1. A method for operating an air jet spinning machine, wherein the air jet spinning machine features at least one spinning unit with a spinning nozzle for producing a yarn, the method comprising: during normal operation of the spinning unit, feeding a fiber composite to the spinning nozzle through an inlet and in a predefined transport direction, wherein the fiber composite within a vortex chamber of the spinning nozzle receives a twist with the assistance of a vortex air flow, such that a yarn is formed from the fiber composite, the yarn leaving the spinning nozzle through an outlet; spooling the yarn on a sleeve with assistance of a spooling device; carrying out a piecing process after an interruption in the yarn production wherein a yarn end from a spool side of the spinning nozzle is moved counter to the transport direction through the spinning nozzle, is overlaid with an end of the fiber composite after passing through the spinning nozzle, the overlaid yarn end and fiber composite end brought through the inlet into the spinning nozzle; during the piecing process, applying an additive to the end of the fiber composite; and after conclusion of the piecing process, resuming production of the yarn in the normal operation.

2. The method according to claim 1, wherein the additive is applied at the end of the fiber composite after it has been overlaid with the yarn end.

3. The method according to claim 2, wherein the additive is applied in front of the inlet of the spinning nozzle viewed in the transport direction.

4. The method according to claim 1, wherein a volume flow of the fed additive during the piecing process is between 0.001 ml/min and 2.0 ml/min, or a mass flow of the fed additive during the piecing process is between 0.001 g/min and 2.0 g/min.

5. The method according to claim 4, wherein during the addition of additive, the volume flow or mass flow of the additive is regulated with assistance of a valve that is opened and closed at least once per second such that the additive fed to the valve passes through the valve in a pulse-like manner.

6. The method according to claim 4, wherein during the piecing process, the volume flow or mass flow of the additive is higher than that during the normal operation of the spinning unit following the piecing process.
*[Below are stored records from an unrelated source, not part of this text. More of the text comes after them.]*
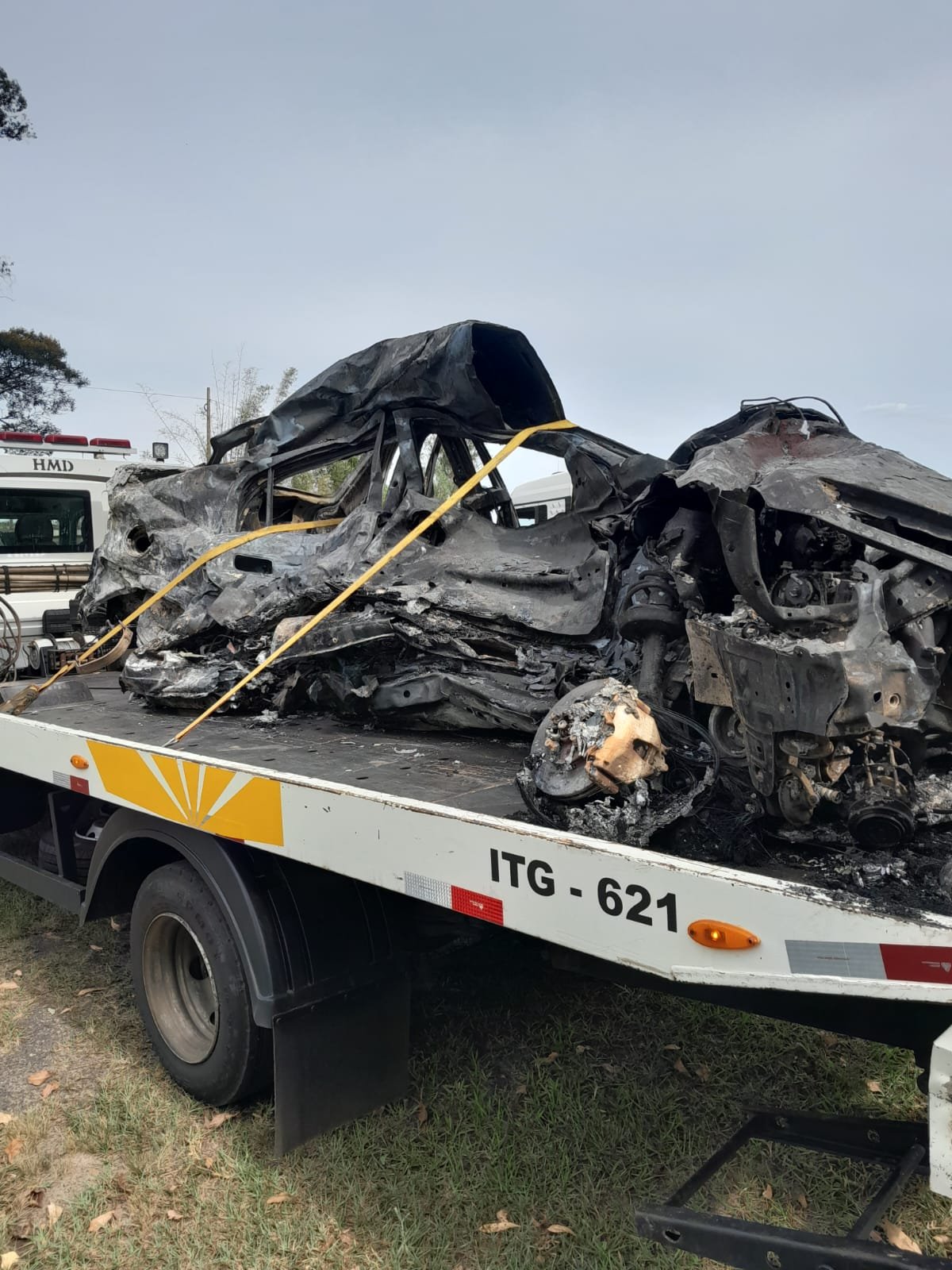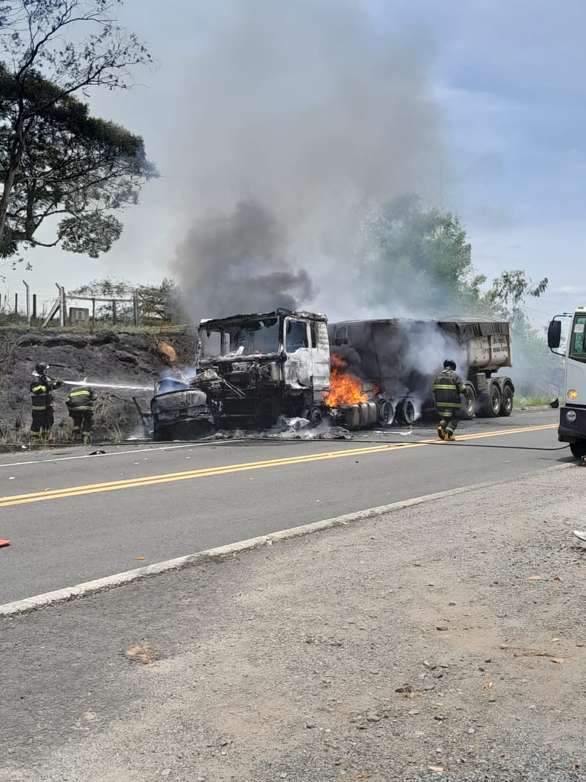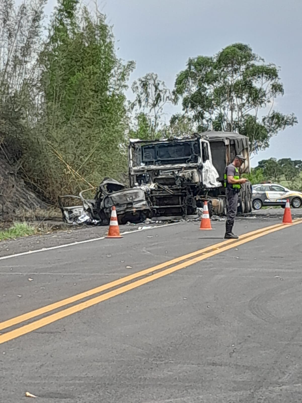 Os dois veículos pegaram fogo após a colisão. O motorista do carro morreu na hora. Aind nao ha identidade da vítima. Já o condutor do caminhão não teve ferimentos.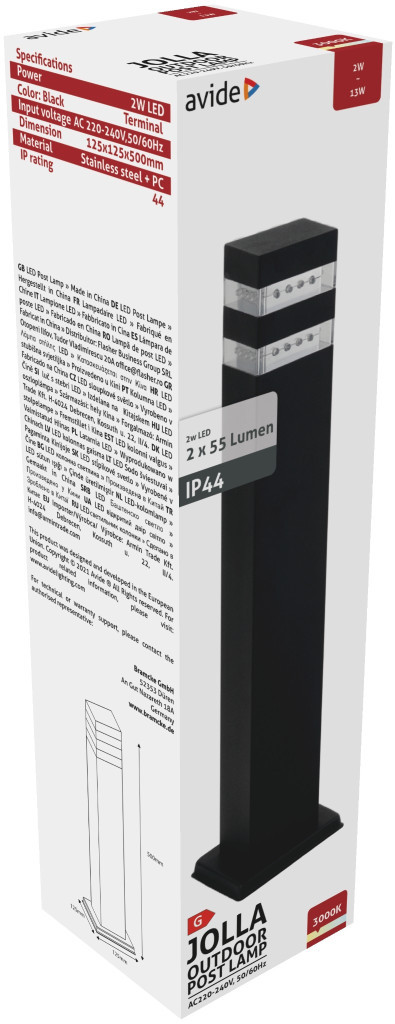 Avide kültéri álló lámpa Jolla LED 2W WW 500mm IP44 Fekete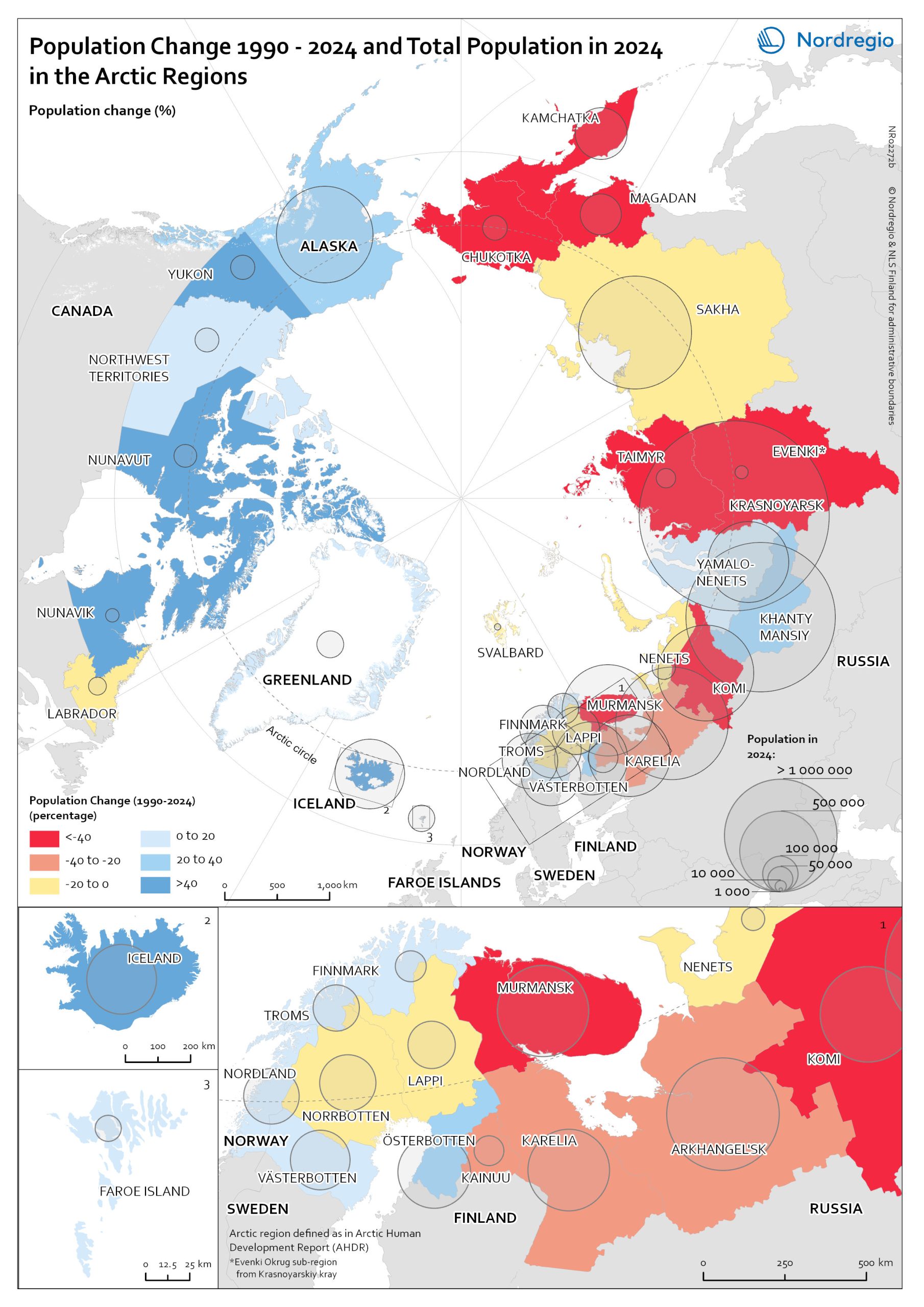 Population Change 1990-2024 and total population in 2024 in the Arctic Regions

7. The method according to claim 4, wherein during the piecing process, the volume flow or mass flow of the additive is reduced compared to an initial amount at start of the piecing operation.

8. The method according to claim 7, wherein the reduction of the volume flow or mass flow of the additive is continuous through the piecing operation.

9. An air jet spinning machine, comprising: a spinning unit with a spinning nozzle for producing a yarn from a fiber composite fed to the spinning nozzle, the spinning nozzle comprising an inlet for the fiber composite; an internal vortex chamber defined in the spinning nozzle; a yarn formation element protruding into the vortex chamber; an outlet for the yarn produced in the vortex chamber with assistance of a vortex air flow generated in the vortex chamber; an additive supply allocated to the spinning unit and configured to apply an additive at an end of the fiber composite present after an interruption in the yarn production; a control unit in operative connection with the additive supply and configured to, after an interruption in yarn production, initiate a piecing process wherein additive is applied at the end of the fiber composite.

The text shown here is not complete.